▸ TASK OBJECTIVE: An exact copy is required of the lines running from the one that contains "0330 Ażur Jodełka" to the end of the material, both ends included, with pictures omitted.

....

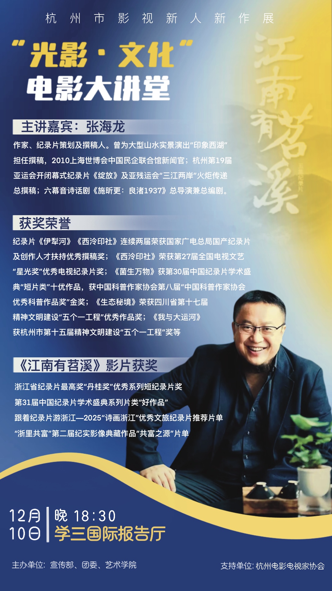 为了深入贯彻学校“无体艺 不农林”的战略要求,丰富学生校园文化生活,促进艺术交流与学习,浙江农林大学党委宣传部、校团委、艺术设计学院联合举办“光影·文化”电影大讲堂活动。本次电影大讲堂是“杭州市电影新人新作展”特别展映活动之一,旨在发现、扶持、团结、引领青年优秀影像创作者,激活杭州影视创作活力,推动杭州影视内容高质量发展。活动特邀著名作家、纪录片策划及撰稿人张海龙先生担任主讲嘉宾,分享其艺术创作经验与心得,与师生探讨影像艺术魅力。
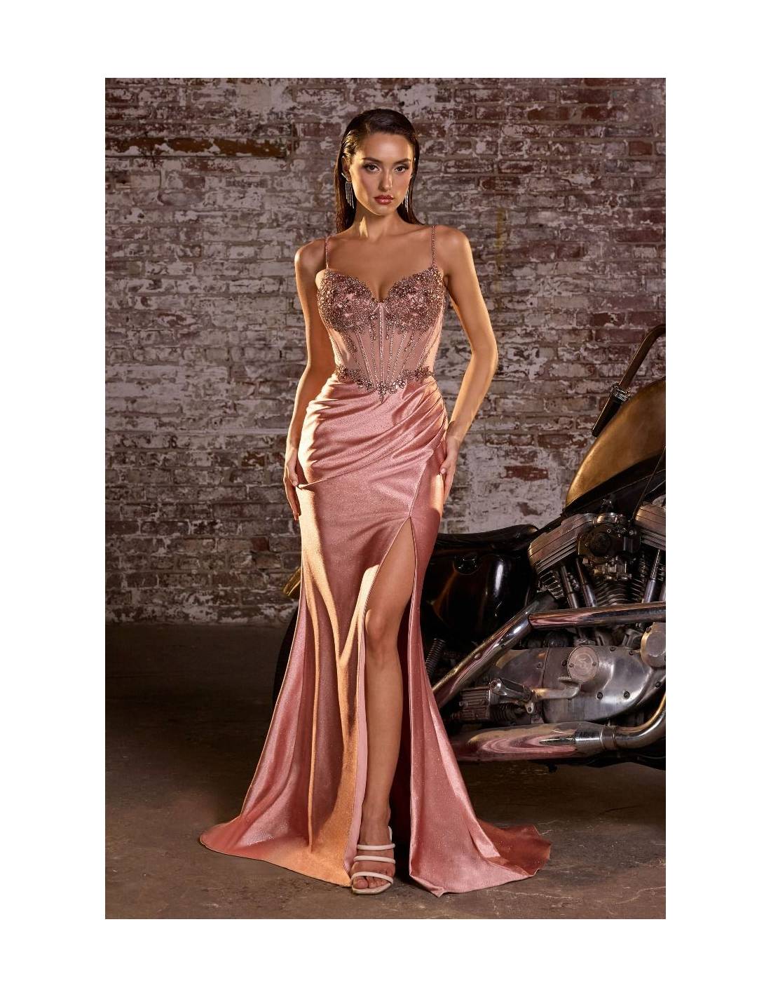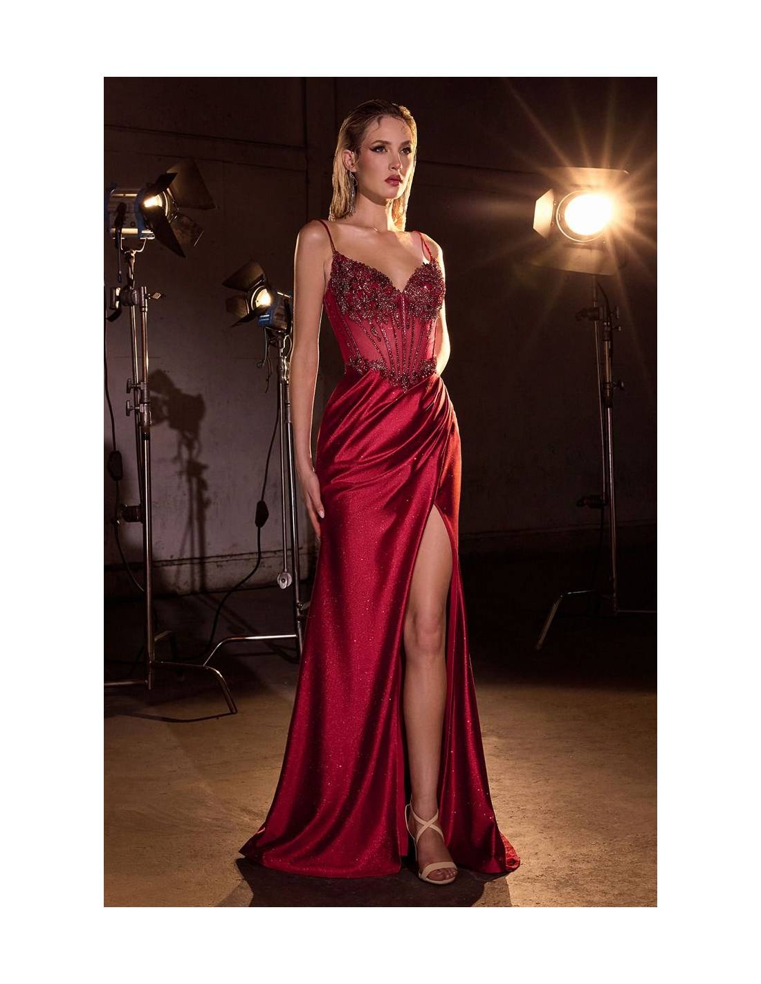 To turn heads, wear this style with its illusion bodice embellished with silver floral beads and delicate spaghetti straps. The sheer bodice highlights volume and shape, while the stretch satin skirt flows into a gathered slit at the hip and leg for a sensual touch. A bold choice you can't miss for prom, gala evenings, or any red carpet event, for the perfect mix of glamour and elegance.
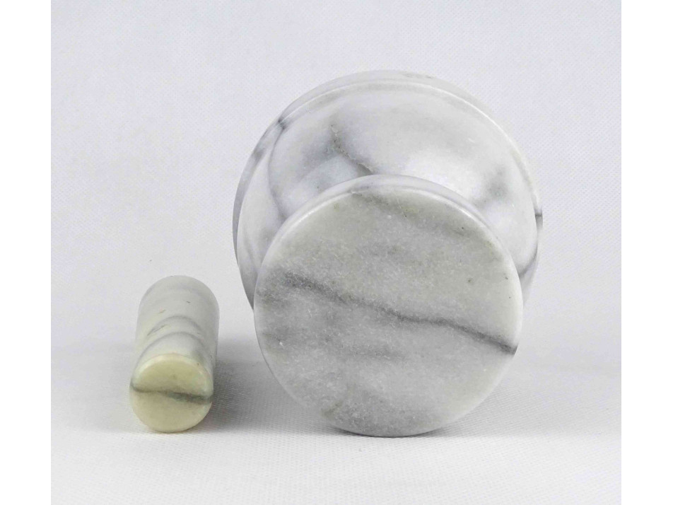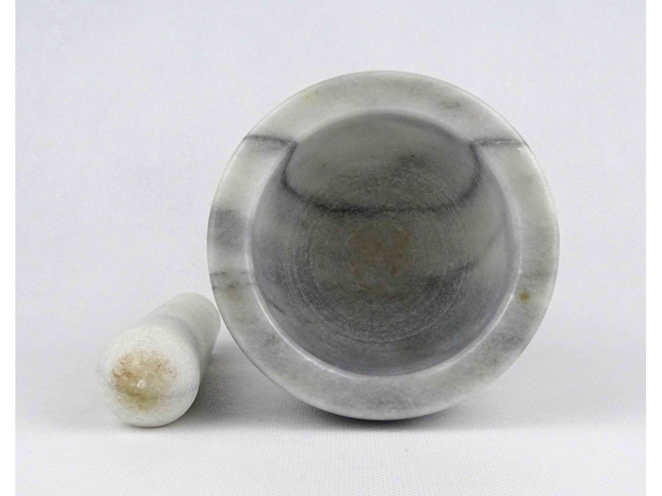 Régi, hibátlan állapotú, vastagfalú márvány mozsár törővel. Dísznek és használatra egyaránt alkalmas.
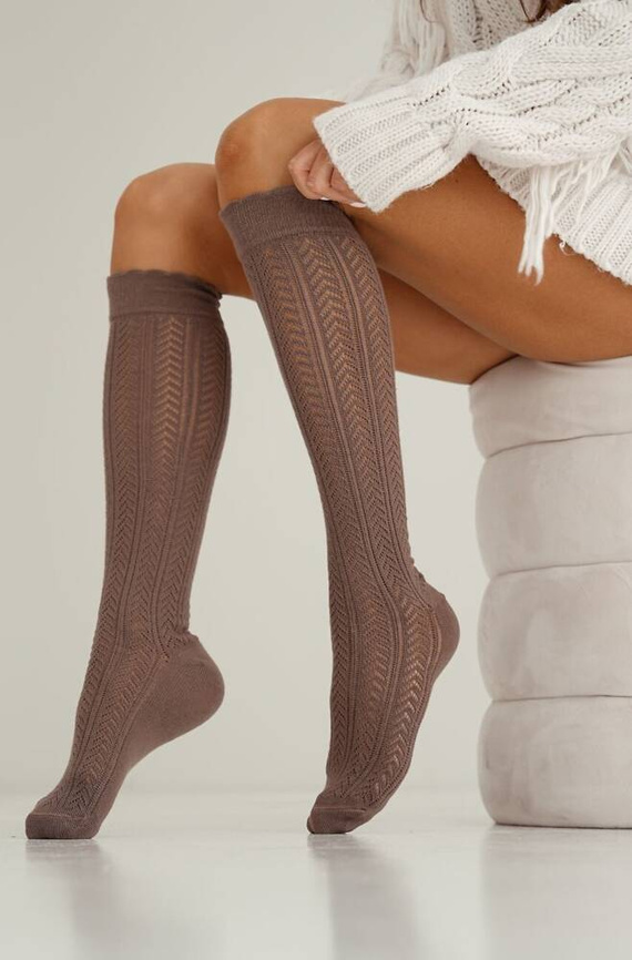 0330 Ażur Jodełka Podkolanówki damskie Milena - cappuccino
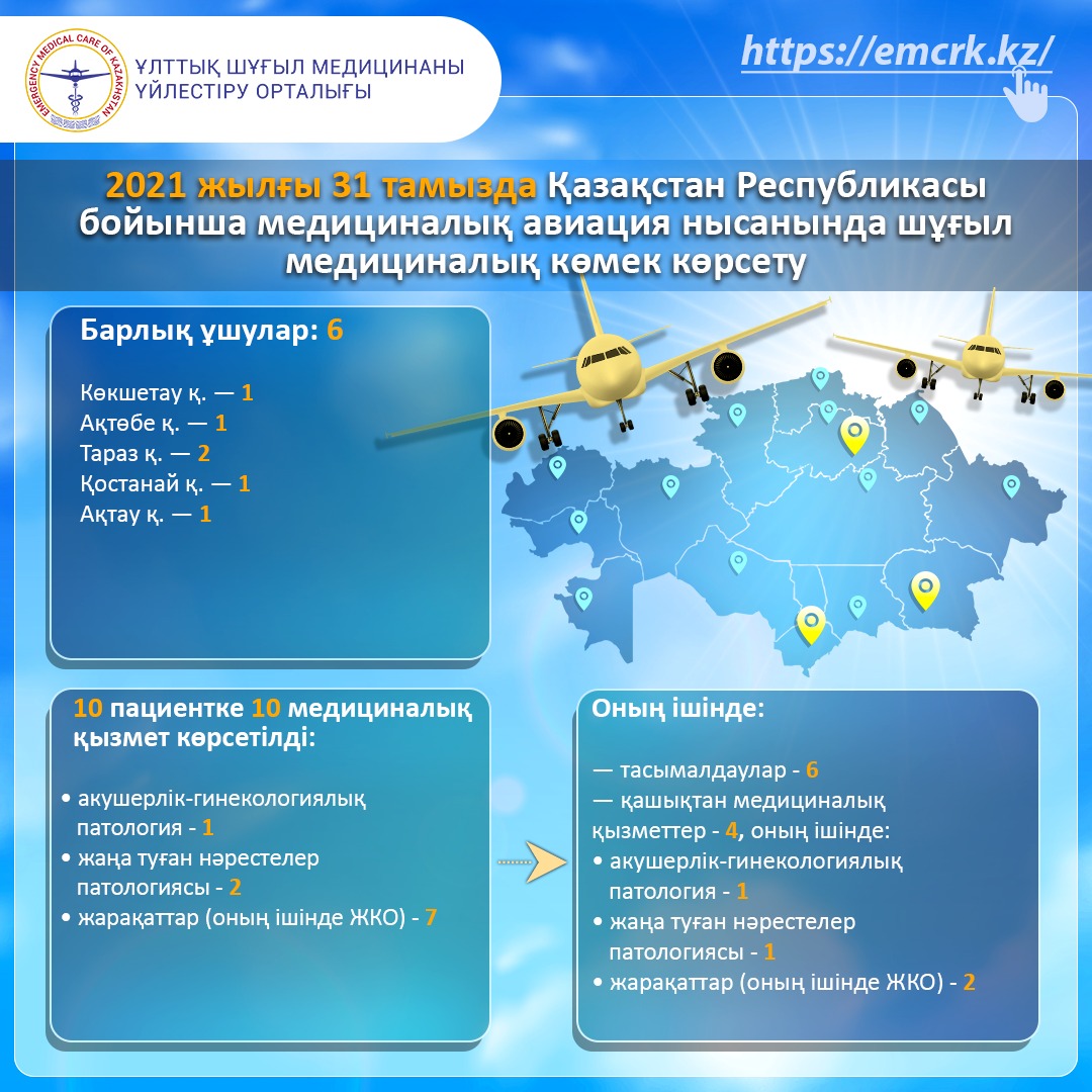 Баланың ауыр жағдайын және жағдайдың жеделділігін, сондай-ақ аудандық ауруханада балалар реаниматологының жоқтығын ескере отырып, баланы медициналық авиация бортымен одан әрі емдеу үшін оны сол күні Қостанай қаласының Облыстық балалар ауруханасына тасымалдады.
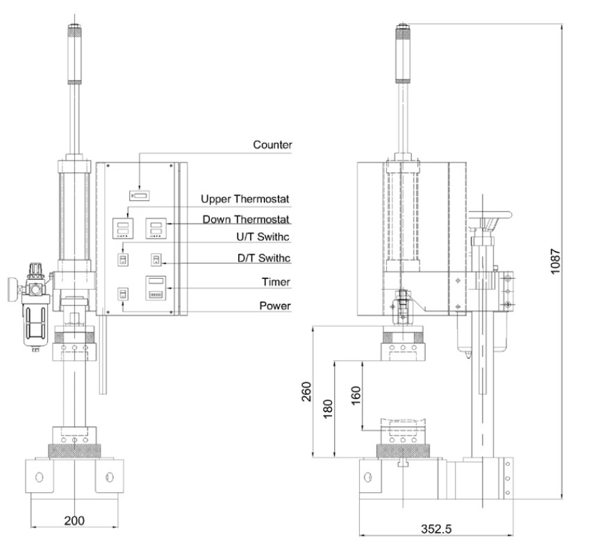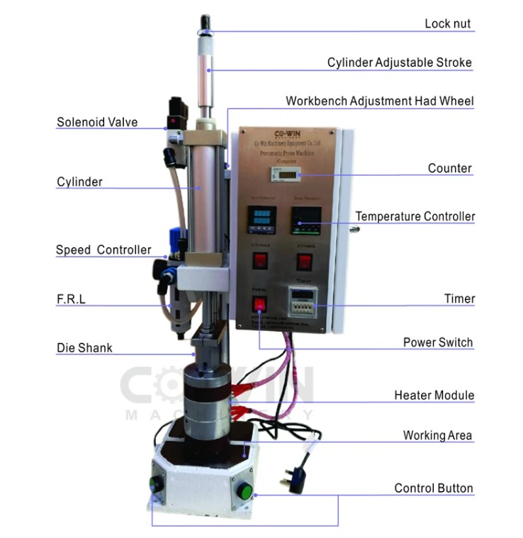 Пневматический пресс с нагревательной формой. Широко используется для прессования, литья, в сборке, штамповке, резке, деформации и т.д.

....

▸ WRITTEN REPLY:
 0330 Ażur Jodełka Podkolanówki damskie Milena - cappuccino
 Баланың ауыр жағдайын және жағдайдың жеделділігін, сондай-ақ аудандық ауруханада балалар реаниматологының жоқтығын ескере отырып, баланы медициналық авиация бортымен одан әрі емдеу үшін оны сол күні Қостанай қаласының Облыстық балалар ауруханасына тасымалдады.
 Пневматический пресс с нагревательной формой. Широко используется для прессования, литья, в сборке, штамповке, резке, деформации и т.д.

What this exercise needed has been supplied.